February 10th, 2010
Renaissance Women
Even though we haven’t done much bike and brew specific things in the past few months, the twig is still with us. During one of our trips into Blenheim with our WWOOFing hosts at the blueberry farm, we found ourselves wandering around town trying to find one of the local breweries that we’d heard about – Renaissance Brewing Company . (In New Zealand, that’s pronounced “re-NAY-sonce”.) Our somewhat random visit turned out to be perfect timing. We arrived late in the day and asked if we could get a tour of the brewery. The only person who was still there just happened to be Brian Thiel, co-owner and operations manager at the brewery. He not only gave us a great tour of the place, he also mentioned that he could use a few extra hands at the Blues, Brews and BBQs festival happening the following weekend – the exact festival that we’d been planning to attend and had been trying to find a way to volunteer at. The serendipity was astounding.
After a bit of chit chat, we found out that Brian’s usual “keg monkey” – the guy who does things like clean kegs, clean out kettles, help bottle and prepare shipments, pretty much anything they tell him to do, most of it manual labor – was leaving soon to go to university. We told him that it was pretty much our dream job to be keg monkeys for the next week. I don’t know if he totally believed us, but he told us if we wanted to come in on Tuesday at 11am, we were welcome.
We had 2 weeks left in New Zealand, we had already seen a great deal of the country and we were running low on cash. Helping out at a brewery sounded like the perfect way to finish up our trip before heading to Melbourne. So we signed up to be keg monkeys.
It was AWESOME. Brian and the brewery co-owner and head brewer Andy Deuchars thought we were a bit nuts, getting excited about cleaning the beer filter and climbing in the kettle to shovel out spent grain, but it really was cool. After going on around 60 brewery tours in the last few months, it was exciting to actually be making beer. And bottling. And cleaning. Lots and lots of cleaning. Andy says there are 5 rules of beer making. Pretty much all of them use some combination of the words cleaning, sanitizing, or sterilizing. We followed Andy’s rules a T though, because he knows a thing or two about making tasty brews. While at the farm, we’d tasted as many different New Zealand beers as possible (doing penance for all the Speights and Tui’s we’d imbibed on the backpacker bus) and Renaissance was definitely one of the best. They make 7 different beers and we liked all of them. Not surprisingly, we are especially fond of their Discovery American Pale Ale, but we definitely wouldn’t turn down one of their award-winning Stonecutter Scotch Ales or the beer currently voted best beer in New Zealand (on ratebeer.com), their Elemental Porter.

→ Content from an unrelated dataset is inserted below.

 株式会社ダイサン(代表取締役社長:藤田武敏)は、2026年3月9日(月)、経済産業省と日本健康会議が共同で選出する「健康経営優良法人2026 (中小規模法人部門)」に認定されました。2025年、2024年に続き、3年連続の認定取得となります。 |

Also, we DID end up helping out at Blues, Brews and BBQs. We poured beer, chatted up the locals and were given the power of the stamp – they let us give free beer to anyone we thought was cute that would let us stamp them with the Renaissance “R”. On their nipple. It was good times.

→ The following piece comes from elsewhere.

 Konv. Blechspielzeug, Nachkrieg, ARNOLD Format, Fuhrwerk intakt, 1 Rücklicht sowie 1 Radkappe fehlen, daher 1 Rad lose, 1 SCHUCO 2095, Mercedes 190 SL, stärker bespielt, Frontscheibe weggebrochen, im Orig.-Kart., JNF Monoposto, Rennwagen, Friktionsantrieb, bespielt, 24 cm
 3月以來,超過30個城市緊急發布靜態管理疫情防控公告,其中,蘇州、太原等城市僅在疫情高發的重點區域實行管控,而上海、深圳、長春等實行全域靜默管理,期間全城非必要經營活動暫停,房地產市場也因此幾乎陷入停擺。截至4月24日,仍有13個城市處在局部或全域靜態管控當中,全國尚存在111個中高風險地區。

After a few days, we got the hang of many brewery tasks. We got to the point where we could operate the bottling line MOSTLY by ourselves and we were able to learn a bit about New Zealand geography while helping with their new website. Though there is still so much to learn, the world of professional brewing now feels like a world we can be a part of. It breaks our hearts to leave New Zealand just when we are really getting involved in things, but hopefully something serendipitous will happen in Australia. And hopefully we can use Brian and Andy as references! Cheers guys!